• **What is needed**
Output, exactly as written, the lines below from the one that has "期中模拟检测卷答题卡21" through the one that has "เมื่อเวลา 10.00-11.00 น."; nothing else, and no pictures.

• **Record set**
---+---

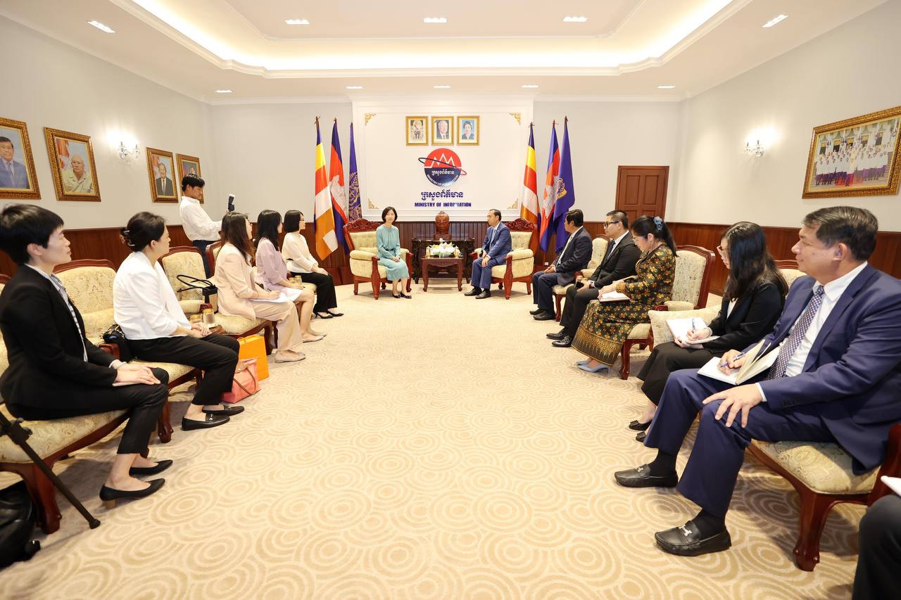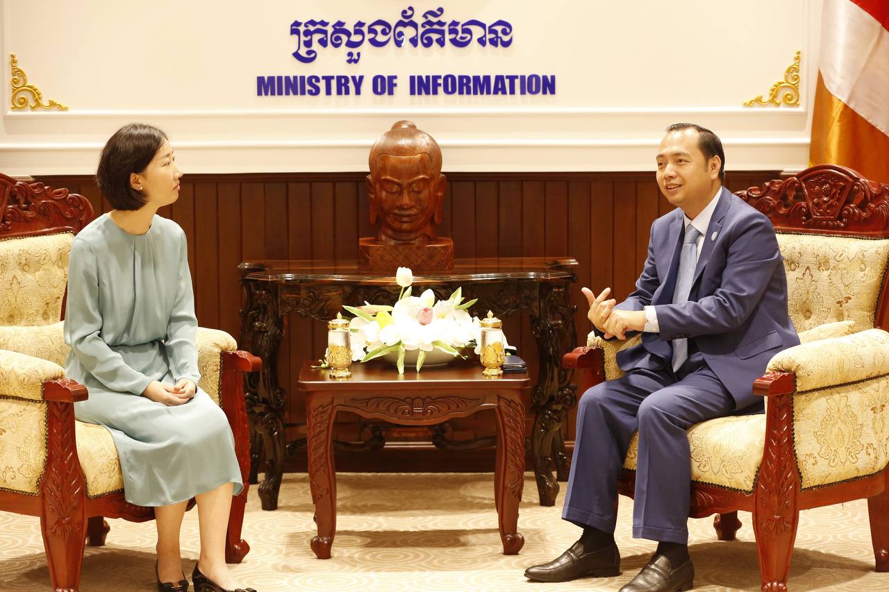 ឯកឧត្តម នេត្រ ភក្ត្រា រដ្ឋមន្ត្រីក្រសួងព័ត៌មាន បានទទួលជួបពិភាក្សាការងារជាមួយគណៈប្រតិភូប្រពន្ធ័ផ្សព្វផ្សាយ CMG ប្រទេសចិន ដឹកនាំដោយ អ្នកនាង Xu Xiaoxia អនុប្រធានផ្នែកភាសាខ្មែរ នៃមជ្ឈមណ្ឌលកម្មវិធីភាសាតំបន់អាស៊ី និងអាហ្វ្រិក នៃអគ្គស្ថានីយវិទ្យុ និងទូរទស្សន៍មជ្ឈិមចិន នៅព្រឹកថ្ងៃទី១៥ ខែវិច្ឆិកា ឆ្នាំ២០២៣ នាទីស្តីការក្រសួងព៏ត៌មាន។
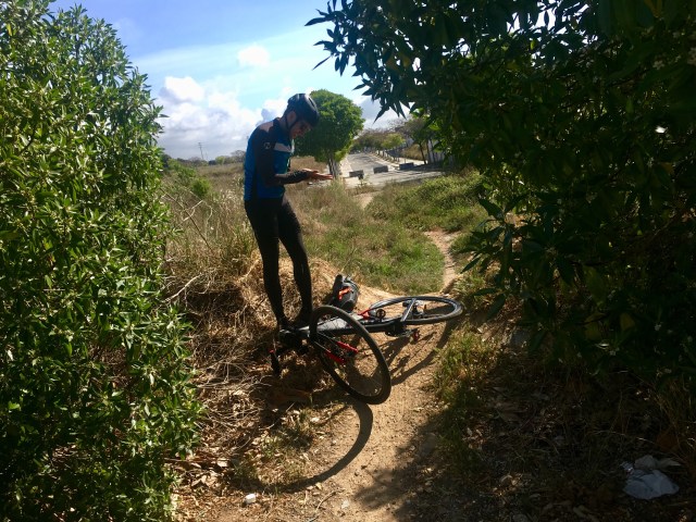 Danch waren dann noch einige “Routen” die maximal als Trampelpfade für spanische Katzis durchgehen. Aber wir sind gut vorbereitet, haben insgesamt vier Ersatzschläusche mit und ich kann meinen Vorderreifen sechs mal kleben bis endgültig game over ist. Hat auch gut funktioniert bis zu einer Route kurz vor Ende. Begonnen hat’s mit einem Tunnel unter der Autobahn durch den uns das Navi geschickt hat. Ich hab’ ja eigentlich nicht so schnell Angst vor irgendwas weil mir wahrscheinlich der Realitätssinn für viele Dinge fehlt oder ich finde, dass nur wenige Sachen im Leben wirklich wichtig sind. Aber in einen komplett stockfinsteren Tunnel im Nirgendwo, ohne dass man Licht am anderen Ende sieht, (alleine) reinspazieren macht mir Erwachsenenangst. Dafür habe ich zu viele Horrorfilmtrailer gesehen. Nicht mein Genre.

---+---

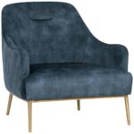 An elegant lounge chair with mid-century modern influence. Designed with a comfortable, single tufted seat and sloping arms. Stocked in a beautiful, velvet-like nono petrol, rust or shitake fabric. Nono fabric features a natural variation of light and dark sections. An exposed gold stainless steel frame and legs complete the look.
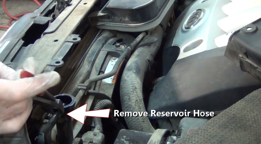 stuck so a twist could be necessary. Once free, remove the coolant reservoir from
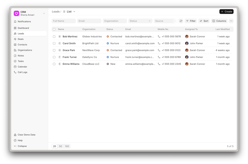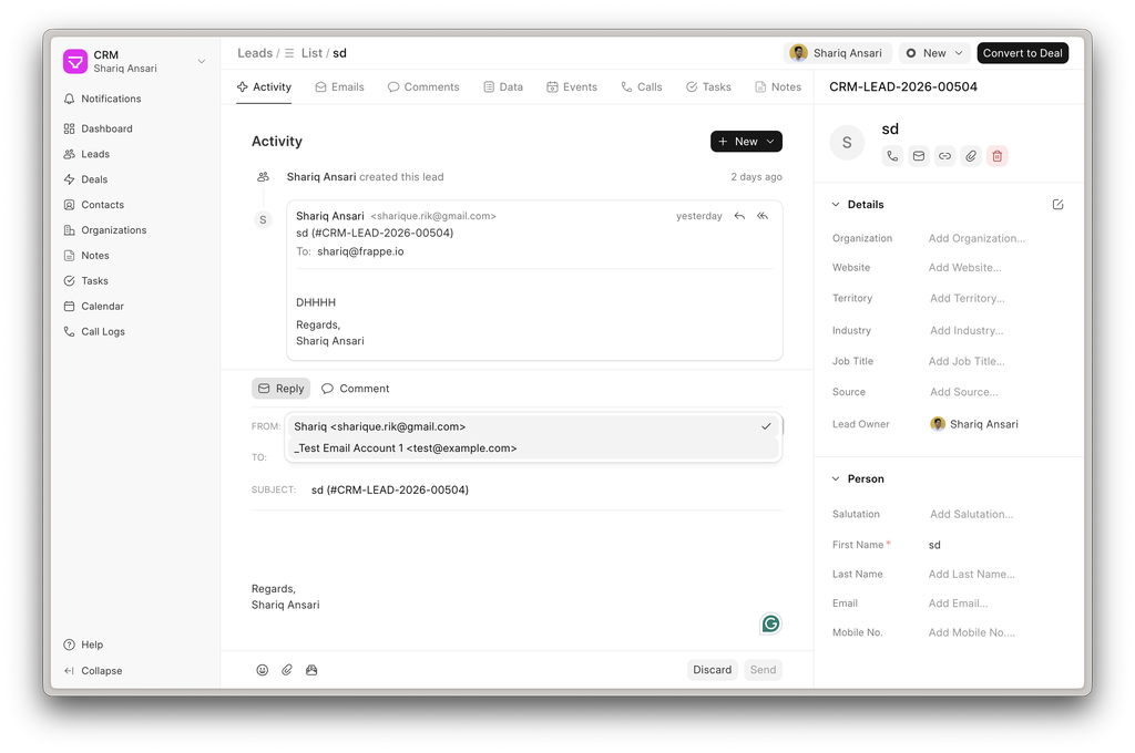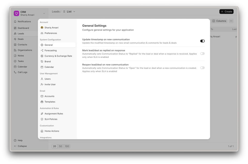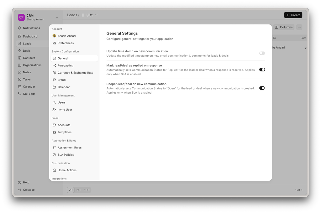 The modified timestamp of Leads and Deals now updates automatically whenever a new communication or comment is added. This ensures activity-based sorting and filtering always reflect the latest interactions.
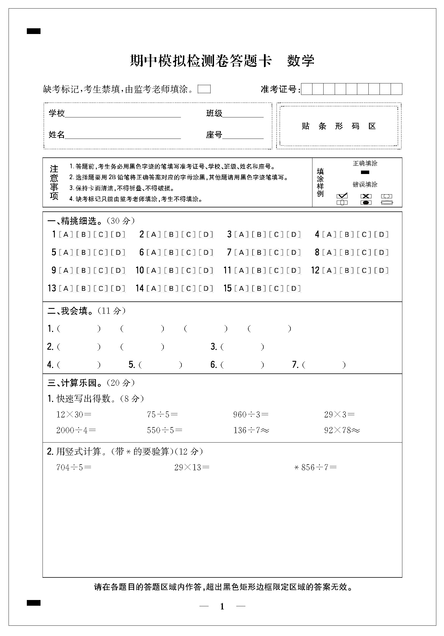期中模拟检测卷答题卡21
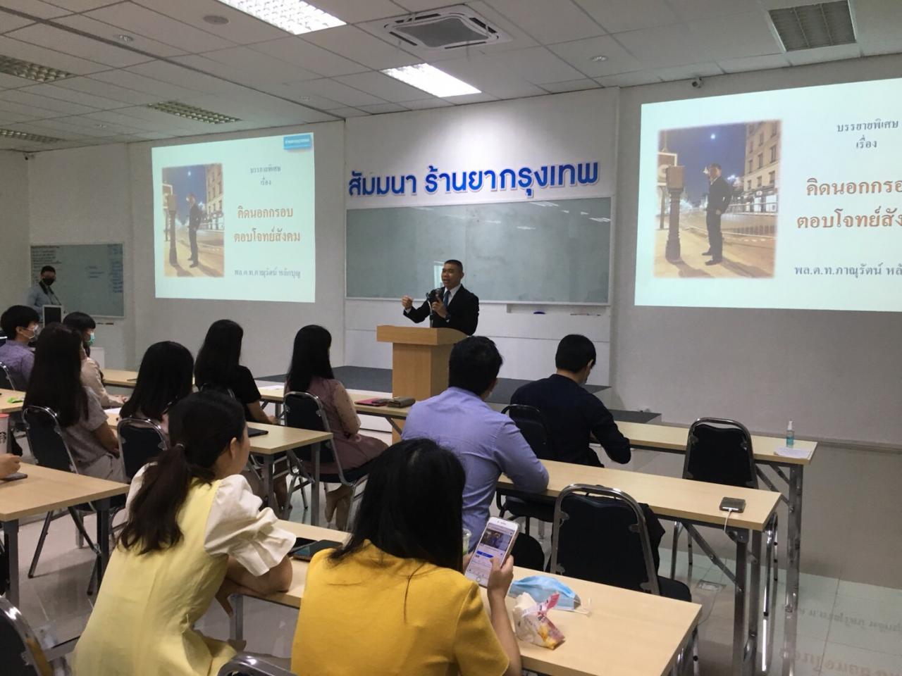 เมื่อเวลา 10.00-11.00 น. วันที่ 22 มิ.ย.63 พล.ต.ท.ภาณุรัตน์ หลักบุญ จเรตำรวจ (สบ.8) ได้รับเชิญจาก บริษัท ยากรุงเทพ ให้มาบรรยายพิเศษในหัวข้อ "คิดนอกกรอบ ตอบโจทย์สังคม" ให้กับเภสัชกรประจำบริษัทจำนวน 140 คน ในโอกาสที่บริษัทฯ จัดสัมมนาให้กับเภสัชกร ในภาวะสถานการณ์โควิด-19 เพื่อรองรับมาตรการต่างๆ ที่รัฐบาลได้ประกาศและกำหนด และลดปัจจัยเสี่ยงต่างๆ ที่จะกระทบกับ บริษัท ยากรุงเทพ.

---+---

• **Solved exercise**
期中模拟检测卷答题卡21
 เมื่อเวลา 10.00-11.00 น. วันที่ 22 มิ.ย.63 พล.ต.ท.ภาณุรัตน์ หลักบุญ จเรตำรวจ (สบ.8) ได้รับเชิญจาก บริษัท ยากรุงเทพ ให้มาบรรยายพิเศษในหัวข้อ "คิดนอกกรอบ ตอบโจทย์สังคม" ให้กับเภสัชกรประจำบริษัทจำนวน 140 คน ในโอกาสที่บริษัทฯ จัดสัมมนาให้กับเภสัชกร ในภาวะสถานการณ์โควิด-19 เพื่อรองรับมาตรการต่างๆ ที่รัฐบาลได้ประกาศและกำหนด และลดปัจจัยเสี่ยงต่างๆ ที่จะกระทบกับ บริษัท ยากรุงเทพ.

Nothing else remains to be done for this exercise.